◆ TRY IT
Transcribe the entries below exactly, starting with the line that has "Elevate your style" and stopping after the line that has "玩家可以自由選擇髮型與紋身,也能通過染色"; no pictures belong in the copy.

:: AVAILABLE DATA

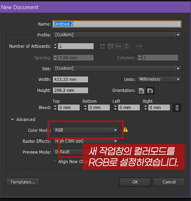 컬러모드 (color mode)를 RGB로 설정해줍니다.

::::
:: AVAILABLE DATA

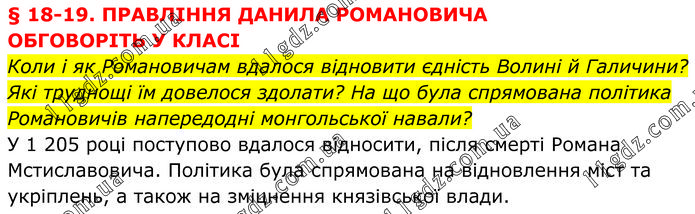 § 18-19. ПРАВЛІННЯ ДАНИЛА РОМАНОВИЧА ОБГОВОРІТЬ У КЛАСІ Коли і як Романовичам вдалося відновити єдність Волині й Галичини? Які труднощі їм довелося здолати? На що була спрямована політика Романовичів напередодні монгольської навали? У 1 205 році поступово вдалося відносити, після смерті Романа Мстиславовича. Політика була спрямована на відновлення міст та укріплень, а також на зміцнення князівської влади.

::::
:: AVAILABLE DATA

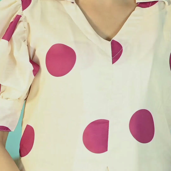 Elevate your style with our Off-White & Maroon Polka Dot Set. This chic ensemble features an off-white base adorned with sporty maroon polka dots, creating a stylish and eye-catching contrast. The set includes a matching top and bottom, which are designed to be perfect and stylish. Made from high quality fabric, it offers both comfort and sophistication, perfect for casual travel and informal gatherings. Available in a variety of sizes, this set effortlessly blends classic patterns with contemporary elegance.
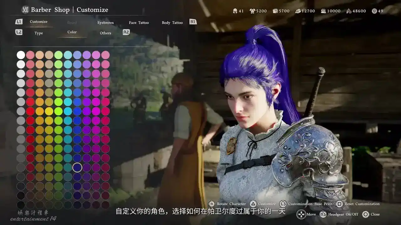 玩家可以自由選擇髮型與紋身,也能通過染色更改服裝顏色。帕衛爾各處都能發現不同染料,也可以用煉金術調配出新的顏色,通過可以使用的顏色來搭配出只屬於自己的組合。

::::

◆ EXERCISE ANSWER
 Elevate your style with our Off-White & Maroon Polka Dot Set. This chic ensemble features an off-white base adorned with sporty maroon polka dots, creating a stylish and eye-catching contrast. The set includes a matching top and bottom, which are designed to be perfect and stylish. Made from high quality fabric, it offers both comfort and sophistication, perfect for casual travel and informal gatherings. Available in a variety of sizes, this set effortlessly blends classic patterns with contemporary elegance.
 玩家可以自由選擇髮型與紋身,也能通過染色更改服裝顏色。帕衛爾各處都能發現不同染料,也可以用煉金術調配出新的顏色,通過可以使用的顏色來搭配出只屬於自己的組合。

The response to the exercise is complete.